**SUPPLIED INFORMATION:**
<<<<

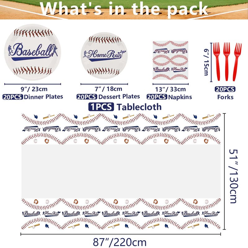 - What Will You Get: Our baseball birthday decorations and tableware included 40 pcs plates(20 dinner plates, 9"/23cm; 20 dessert plates, 7"/18cm), 20 pcs party napkins, 1 pc baseball tablecloth(51x87"/130x220cm),20 pcs red forks.
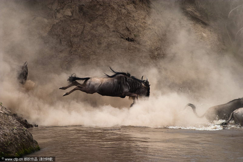 3月17日消息,捷克野生动物摄影师瓦拉夫·希尔哈(Vaclav Silha)在肯尼亚马赛玛拉(Masai Mara)国家保护区拍到了罕见的牛羚大迁移场面。上百万牛羚集体穿越马拉河,同时为了防止被水中的鳄鱼咬到及逃避岸边丛林里的老虎,牛羚群制造出巨大的声响并急冲到对岸。barcroftmedia/CFP
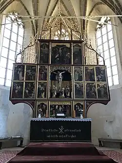 A hall church with three naves that retains a design close to the original,[1][2] it was the last such church built in Transylvania, and was constructed between 1486 and 1524[2] on the site of an earlier Romanesque church.[1][2] Dedicated to the Virgin Mary and built in Late Gothic style with Renaissance touches,[2][3][4] the structure was constrained by the hilly landscape. The choir is 18 m in length, with a rib-vaulted ceiling, while the three naves of equal height also have rib vaulting. A defensive level above the choir has parapets and a battlement.[2] A second, wooden, level was demolished in 1803.[1] The polyptych altarpiece has 28 panels executed between 1482 and 1513 by a painter likely trained at Vienna and Nuremberg. In the center, there is a sculpted group: a crucifix with Jesus Christ hanging, Mary standing and Mary Magdalene embracing the cross. The upper side panels show visions of Ezekiel and Augustus.[2] The stone pulpit, which shows scenes carved in relief, dates to 1523. The richly decorated intarsia door of the sacristy has a complex lock, displayed at the 1889 Paris World's Fair. Its central system blocks the door in thirteen points, ensuring the safety of the valuables kept in the sacristy.[1]
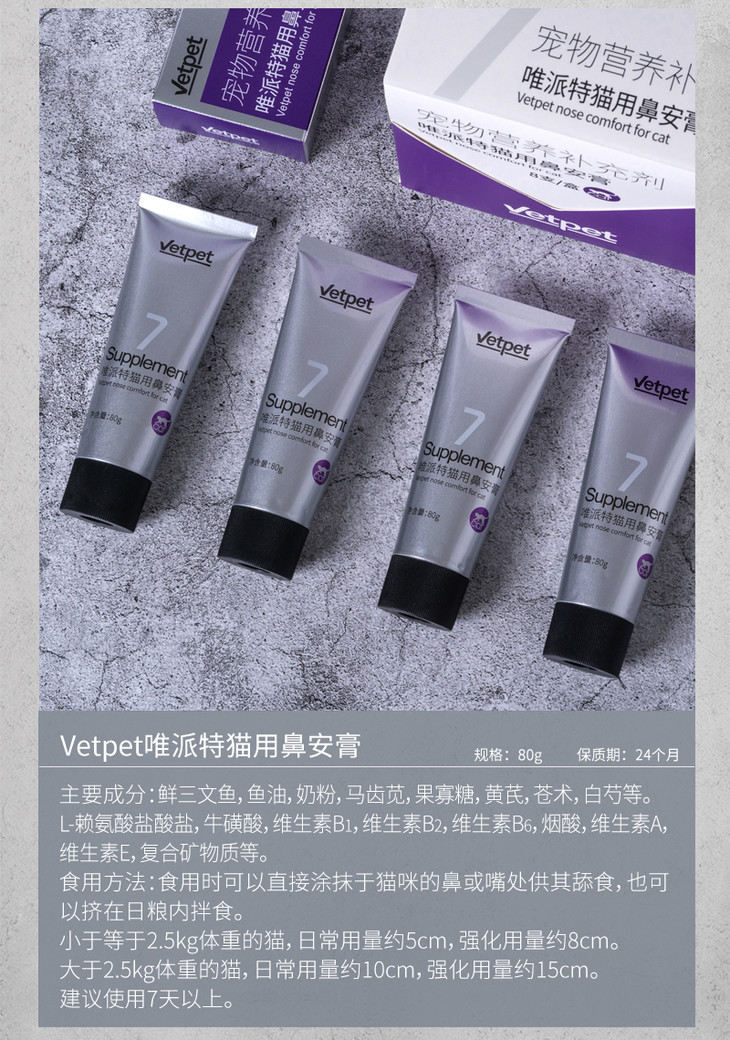【一般贸易】Vetpet唯派特猫用鼻安膏80g 宠物猫咪保健品

>>>>

Could you please return each line of the material exactly, dropping the pictures?

 - What Will You Get: Our baseball birthday decorations and tableware included 40 pcs plates(20 dinner plates, 9"/23cm; 20 dessert plates, 7"/18cm), 20 pcs party napkins, 1 pc baseball tablecloth(51x87"/130x220cm),20 pcs red forks.
 3月17日消息,捷克野生动物摄影师瓦拉夫·希尔哈(Vaclav Silha)在肯尼亚马赛玛拉(Masai Mara)国家保护区拍到了罕见的牛羚大迁移场面。上百万牛羚集体穿越马拉河,同时为了防止被水中的鳄鱼咬到及逃避岸边丛林里的老虎,牛羚群制造出巨大的声响并急冲到对岸。barcroftmedia/CFP
 A hall church with three naves that retains a design close to the original,[1][2] it was the last such church built in Transylvania, and was constructed between 1486 and 1524[2] on the site of an earlier Romanesque church.[1][2] Dedicated to the Virgin Mary and built in Late Gothic style with Renaissance touches,[2][3][4] the structure was constrained by the hilly landscape. The choir is 18 m in length, with a rib-vaulted ceiling, while the three naves of equal height also have rib vaulting. A defensive level above the choir has parapets and a battlement.[2] A second, wooden, level was demolished in 1803.[1] The polyptych altarpiece has 28 panels executed between 1482 and 1513 by a painter likely trained at Vienna and Nuremberg. In the center, there is a sculpted group: a crucifix with Jesus Christ hanging, Mary standing and Mary Magdalene embracing the cross. The upper side panels show visions of Ezekiel and Augustus.[2] The stone pulpit, which shows scenes carved in relief, dates to 1523. The richly decorated intarsia door of the sacristy has a complex lock, displayed at the 1889 Paris World's Fair. Its central system blocks the door in thirteen points, ensuring the safety of the valuables kept in the sacristy.[1]
【一般贸易】Vetpet唯派特猫用鼻安膏80g 宠物猫咪保健品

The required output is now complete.